Alla vigilia del vertice diversi analisti, oltre ai parlamentari democratici in blocco, avevano espresso il timore che «Vladimir» avrebbe potuto intrappolare o almeno manipolare «The Donald». Una preoccupazione, in realtà, condivisa anche da alcuni capi di governo europei. Risulta che il presidente della Finlandia, Sauli Niinisto ne abbia parlato nei giorni scorsi con Angela Merkel, il suo principale punto di riferimento nell’unione europea. A Berlino si paventava in particolare uno slittamento trumpiano sull’annessione russa della Crimea e sulle conseguenti sanzioni economiche adottate da Ue e Usa contro Mosca. Ieri mattina il finlandese, diligentemente, avrebbe ricordato la posizione europea all’ospite americano, nel bilaterale all’ora di colazione.

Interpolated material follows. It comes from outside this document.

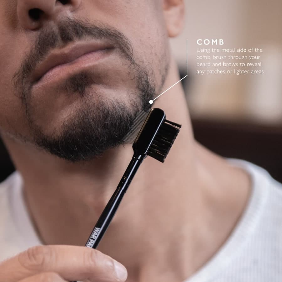 Using the metal side of the attached comb, brush through your beard and brows to reveal any patches or lighter areas.

Su questo aspetto le ansie di Merkel e Niinisto si sono rivelate eccessive. Trump non si è spostato dalla linea concordata con gli alleati e la distanza con Putin sulla questione ucraina è apparsa chiara dalle dichiarazioni ufficiali dell’uno e dell’altro.
Ma il punto è che la dinamica del faccia a faccia è stata diversa da come l’avevano immaginata i diplomatici. I consiglieri delle due parti avevano relegato il «Russiagate», cioè il tema potenzialmente più esplosivo, all’ultimo posto della scaletta, dopo il terrorismo, le armi nucleari, la Siria, l’iran e l’ucraina. E lo stesso Trump, dopo la battuta su Perry Mason, non ne aveva più fatto cenno.

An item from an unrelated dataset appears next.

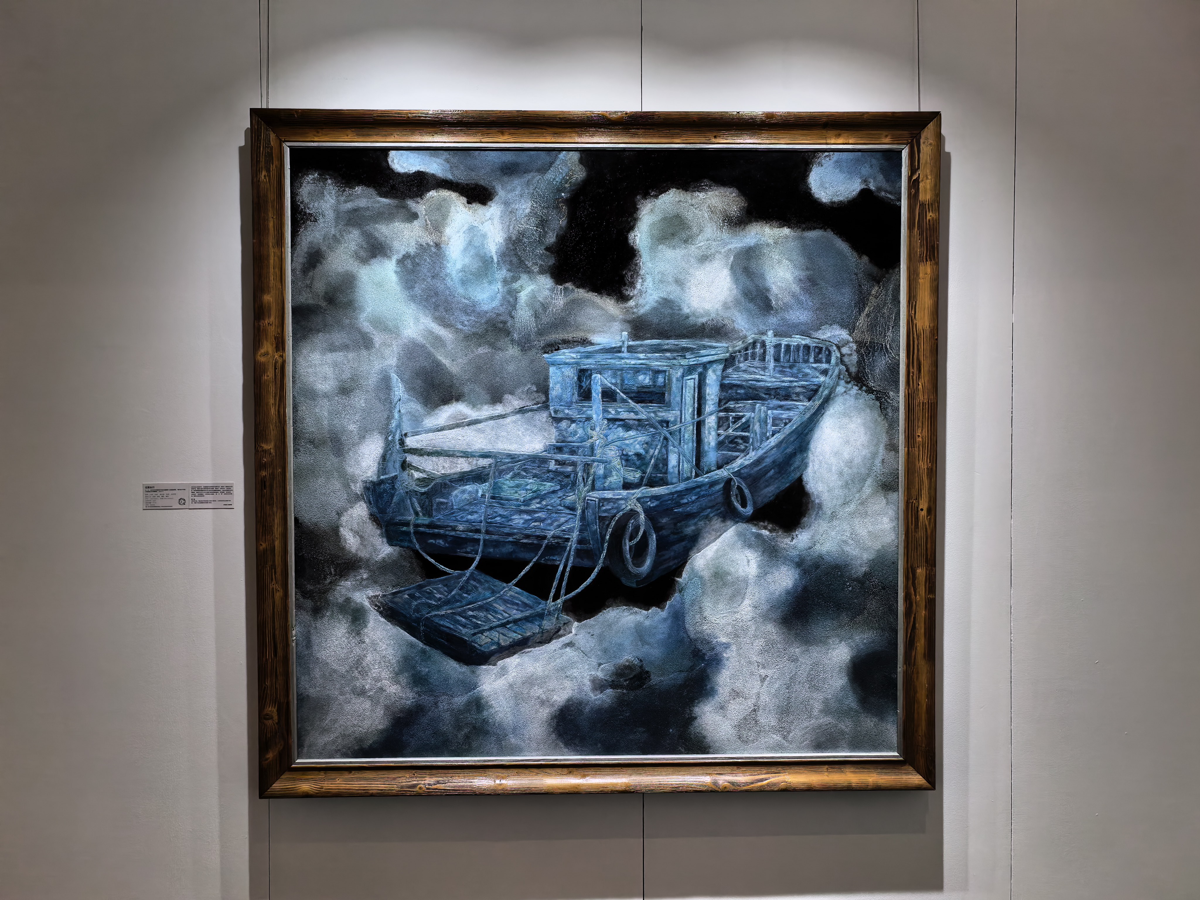 那幅以渔船为主题的漆画,则带着一种沧桑与厚重。画面中的渔船,在云雾缭绕的背景下,显得孤独而又坚韧。大漆的纹理和质感,仿佛诉说着渔船经历的风风雨雨,以及渔民们生活的艰辛与不易。这幅作品不仅仅是对渔船这一物象的描绘,更是对一种生活方式的记录和对一种精神的礼赞。它让我感受到大漆艺术在传达情感和思想时的深沉力量,能够引发观者内心深处的共鸣。

Nel meeting ristretto, però, i leader si sono ritrovati in sintonia proprio sul dossier apparentemente più complicato. Trump ha offerto una specie di condono preventivo a Putin, che non chiedeva e forse neanche si aspettava di meglio. Qualche ora dopo si sono spalleggiati davanti ai giornalisti: difficile pensare che non abbiano in qualche modo concordato di far passare per spontanea una complicità che era stata invece accuratamente «testata» nel colloquio riservato. Il presidente Usa ha attaccato pesantemente l’fbi, la comunità dei servizi segreti, Hillary Clinton e l’opposizione parlamentare, avallando di fatto la tesi cospirativa di Putin: gli Stati Uniti saranno pure un Paese democratico, ma con un sistema minato da una lotta politica ormai senza scrupoli. Parole che hanno già suscitato la reazione furibonda non solo dell’ex direttore della Cia John Brennan («sovversivo»), ma anche dei senatori repubblicani più critici, come Jeff Flake («vergognoso») o Lindsay Graham.

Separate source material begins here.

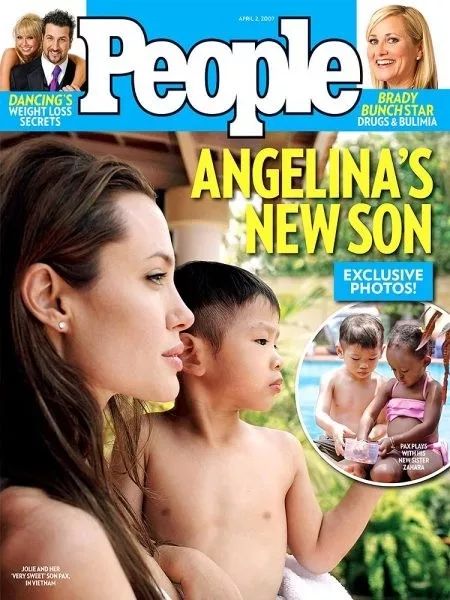 07年,朱莉和皮特从越南领养了儿子Pax ,《人物》周刊花了200万美元买下照片。

Putin ha offerto un’apertura posticcia: consentire a Mueller di andare a Mosca per interrogare gli agenti del Gru, a condizione che gli inquirenti russi possano fare la stessa cosa negli Stati Uniti con i sospettati di spionaggio.
«The Donald» torna a casa con la certezza che l’incontro di Helsinki alimenterà un’altra aspra ondata di critiche e di sospetti sui suoi rapporti con Vladimir. Un rischio politico molto alto che evidentemente il presidente degli Stati Uniti pensa di poter controllare.